(JTA) — The City of Toulouse is preparing to defend in court its decision to prevent activists from meeting to promote a boycott of Israel and protest “Israeli apartheid.”
The activists of the New Anticapitalist Party, or NPA, in the Haute-Garonne region sued the southwestern French municipality last week over a decision in March by Mayor Jean-Luc Moudenc to bar the activists from convening at the city-owned Barcelone Event Hall as part of the “Israel Apartheid Week,” a series of anti-Israel events held annually in dozens of cities.
The mayor cancelled the event, claiming the city had not been made aware in advance of the plan to promote the Boycott, Divestment and Sanctions movement. The members of the BDS movement, Moudenc wrote, “have incurred convictions for discrimination and incitement to racial hatred.”

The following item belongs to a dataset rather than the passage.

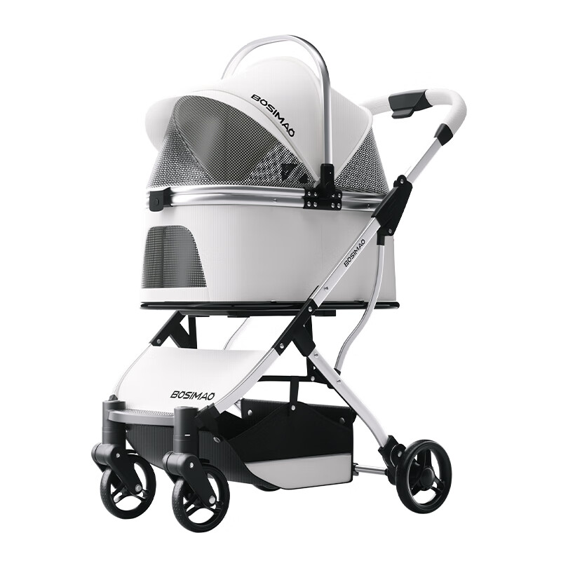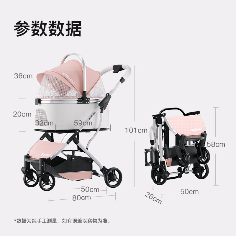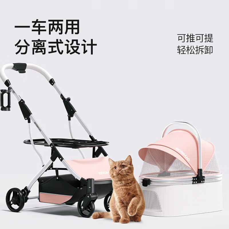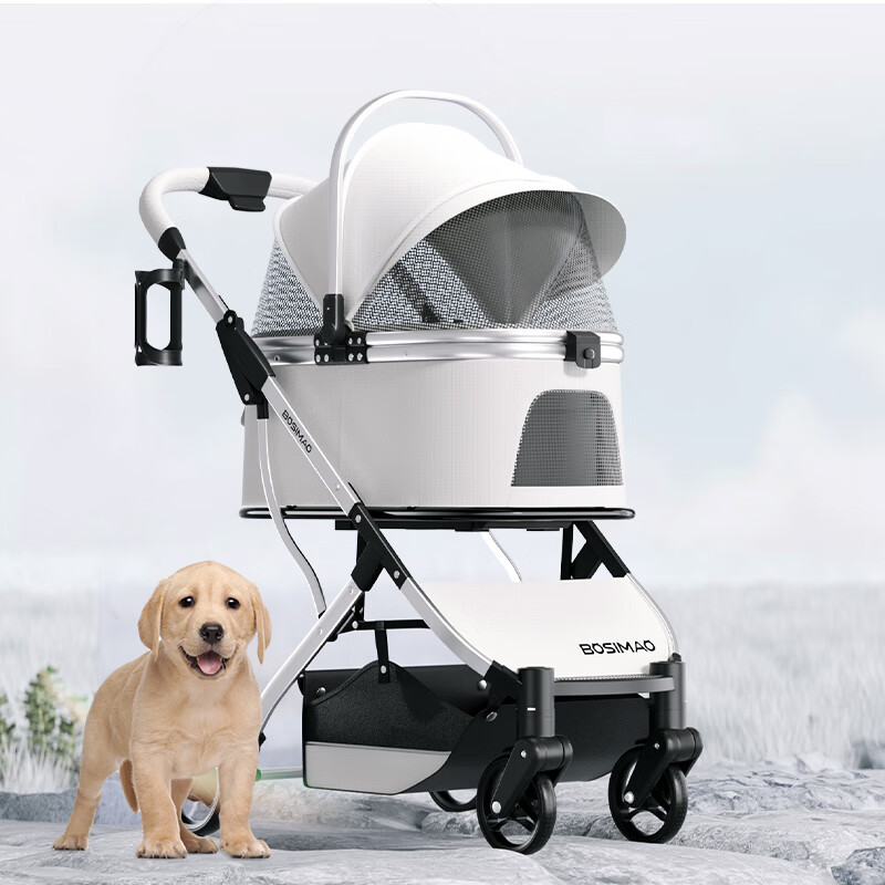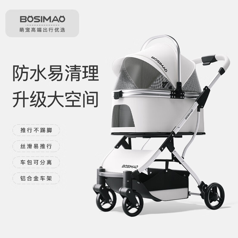 BOSIMAO宠物推车轻便可折叠两只小狗狗外出手推车可分离猫咪车防水易清理 茶白色【耐脏科技】

Several BDS promoters have been convicted in France under the Lellouche law, named for the Jewish parliamentarian who introduced it in 2003. The law extends bans on discrimination over race, gender and sexual orientation to the targeting of individuals or institutions over their national affiliations.
The NPA petitioned the Administrative Court of Toulouse to issue an injunction against the mayor’s decision, citing alleged infringement on the right to protest, according to a report Tuesday by the cotetoulouse.fr news site.
Its appeal was endorsed by France’s Human Rights League, a nonprofit founded in 1898 to protest the racially motivated conviction for espionage of the French Jewish army captain Alfred Dreyfus.
Sammy Ghozlan, the president of the anti-Semitism watchdog BNVCA, condemned the NPA’s lawsuit, citing French anti-boycott laws and the sensitivity of organizing such an event in Toulouse.
The city, he wrote, “still bears open scars” from the 2012 slaying of four Jews at a Jewish school by an Islamist radical who said he perpetrated the attacks to “avenge the death of Palestinian children.”